沖縄本島では鉄軌道導入をさまざまな人たちが研究しているが、同計画などの大型公共事業が行えた場合、170億円規模の投資効果が出る。経済成長率は約1%増になる。大きな公共事業が始まると景気対策にもなる。そういう道筋を4年の間に作りたい。
-宮古、八重山では県立病院に診療科があっても、専門医などの人材不足で診療できないというケースが発生する。こうした医療人材の確保は県の課題だが、今後、どのような対策を講じるべきと考えるか
この点については、専門の福祉保健部長たちの意見も聞いてもらいたい。彼らもいろんな努力をしながら、やっているが、既存の人材バンクや、さまざまなルートを通じてやるしかない。医療の問題を含め、人材については専門家を必要とするときに、それをどうやって確保するかということは難しい課題だ。

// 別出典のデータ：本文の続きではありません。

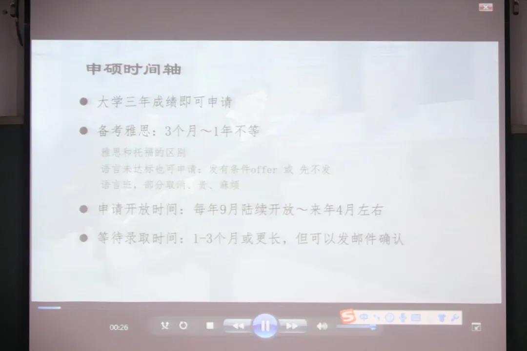 让同学们对留学的流程有了一定了解。然后分享了自己的学习英语技巧: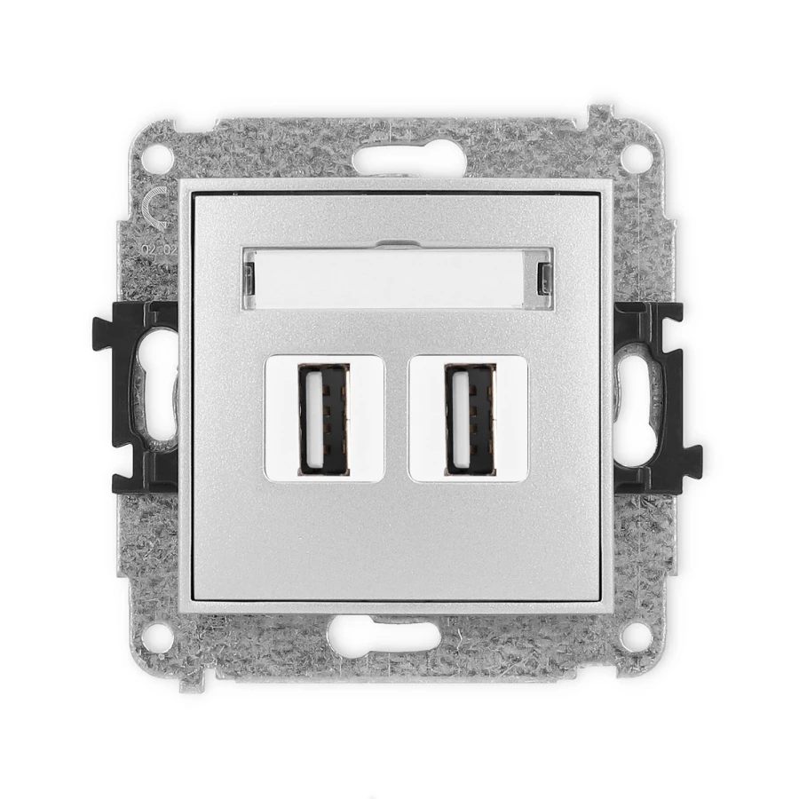 MINI Gniazdo podwójne 2xUSB-AA 2.0 srebrny metalik 7MGUSB-2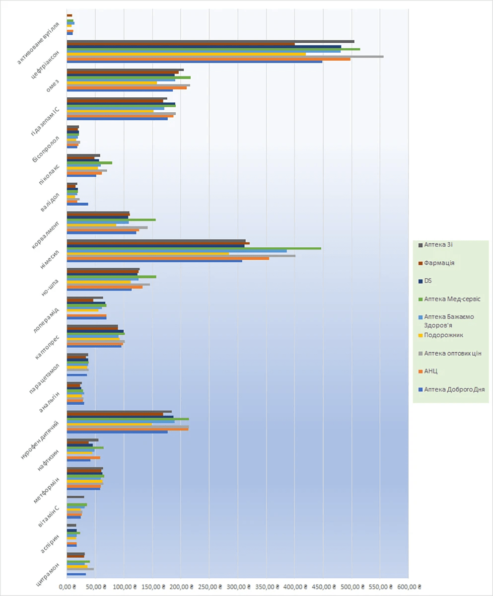 - *) сайт мережі: https://online-apteka.com.ua/ua/?srsltid=AfmBOorAQtEVr-dgPNecLR4XUFrPfWwbhtYjX0K9hjLNGU8uflcISIo5, ми не враховуємо додаткові знижки за картками, лояльністю, доставками, рецептурністю та інше

医療人材は、医学部定員枠を増やして将来の人材を確保するのか、当面の人材をどうするのかという問題があるのは分かるが、この場で即答することは難しい。医師の確保、看護師の確保を含め、それから福祉関係でも、島々のハンディキャップが大きいのはよく分かる。
ただ、今、(人材が)ゼロというわけではない。それにどれくらい足していけるかということで、当面、10程度の分野があるので、現状とユニバーサルサービスレベルの差をどうやって埋めていくのか、お金はいくらかかるのか、どれくらいの時間が要るのかを含めて整理整頓していく。もう少し待って頂きたい。今、申し上げると不正確な数を申し上げる結果になりかねない。

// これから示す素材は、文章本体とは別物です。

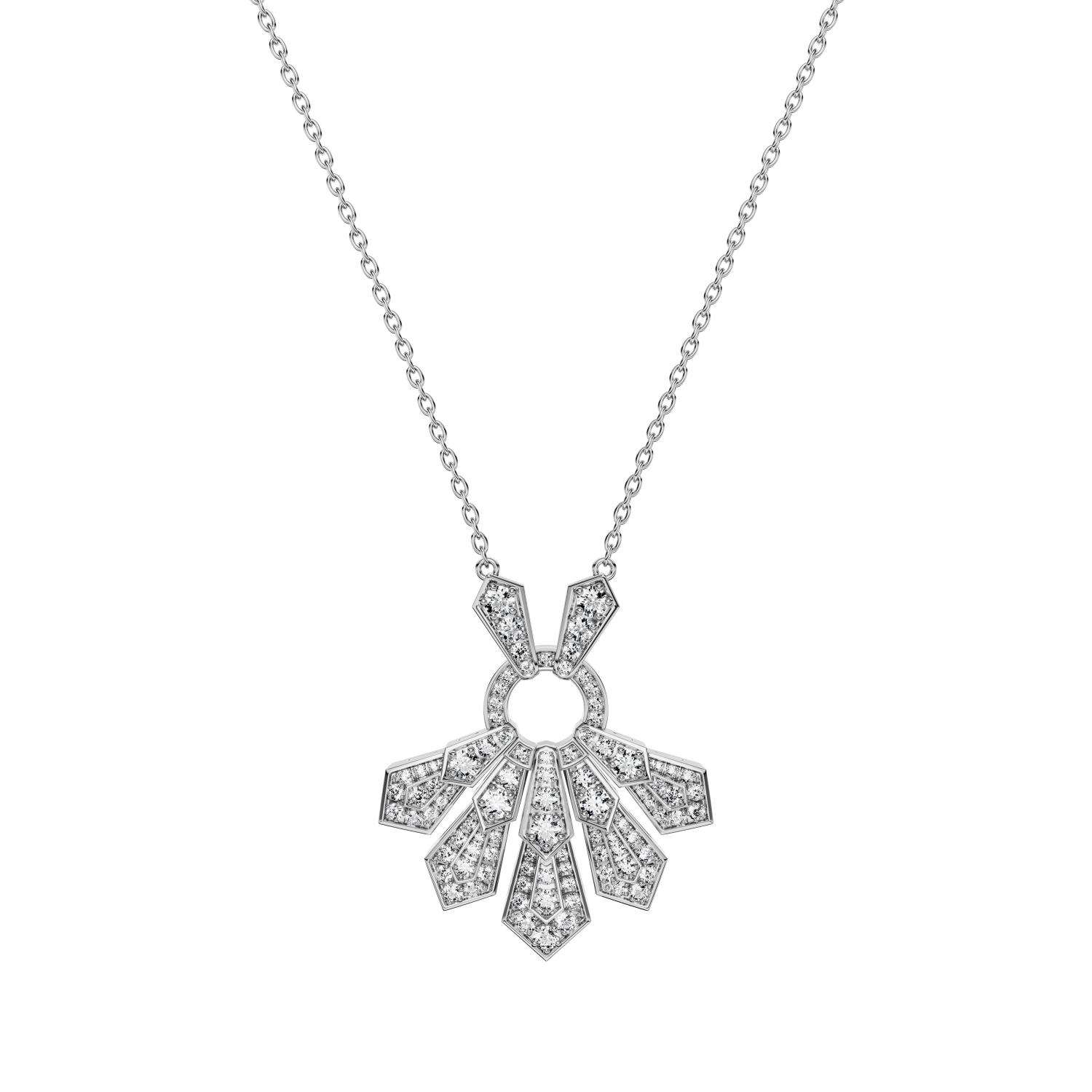 Pendant in 18K white gold and diamonds. Diamond quality G – H color, VS.

ただ、すべての分野でのユニバーサルサービス実現を目指して、やりたいと思っている。チェックシートみたいなものも要る。航空運賃での離島ハンディキャップもある。その料金を低減化するために、ある条件付きで下げていくことなども含めて研究しているところ。
また、物流コスト、旅客代、船や飛行機の両方での手助けをわれわれがしないと、離島のハンディが大き過ぎる。すべての県部局において、離島の問題は同時に存在するので、全体を洗い出して取り組んでみようと思っている。
-先島の自衛隊配備に対する考えは
自衛隊配備は県議会でも何度か答弁したが、自衛隊をどこに、どう配備するかというのは、すぐれて国の防衛政策そのものだと思っている。担当省がきちんと考えて、きちんと配備することに対しては、当然、受け入れるべきことだと思っている。
ただし、沖縄の戦中、戦後の歴史を考えると、沖縄戦当時の日本軍に対する、いろいろな思いがあったので、そういうことを思うと、「軍隊は県民を守らない」などの(住民の)さまざまな考えや体験がある。そういうことを踏まえると、島々の、そして人々の理解と協力を最大限得るような努力が必要だ。
-尖閣諸島への視察時期と方法を
(知事1期目の)4年間でできなかったことの一つだが、早めに行いたいと思っている。行くことは難しくない。たまたま、過去2回、行こうと考えたが、別用で行けなかった。いつでも行ける話なので、過去4年間の反省を踏まえて、早めに実現したいと考えている。